Information shown:
****

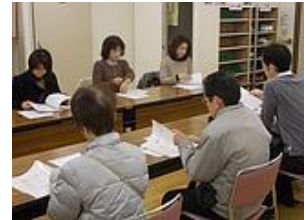
■防災マニュアル作成の様子(イメージ)
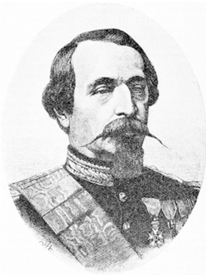
Луи-Наполеон Бонапарт (Наполеон III).

К восьми часам вечера, исполненный чувства глубочайшего удовлетворения от первого дня на борту, он замечает на горизонте свет далекого маяка. Последний знак, посылаемый землю Франции.

****

How to complete this task: Set down exactly the lines that begin with the one containing "Луи-Наполеон Бонапарт (Наполеон III)." and end with the last line above, and no others.

Result:
Луи-Наполеон Бонапарт (Наполеон III).

К восьми часам вечера, исполненный чувства глубочайшего удовлетворения от первого дня на борту, он замечает на горизонте свет далекого маяка. Последний знак, посылаемый землю Франции.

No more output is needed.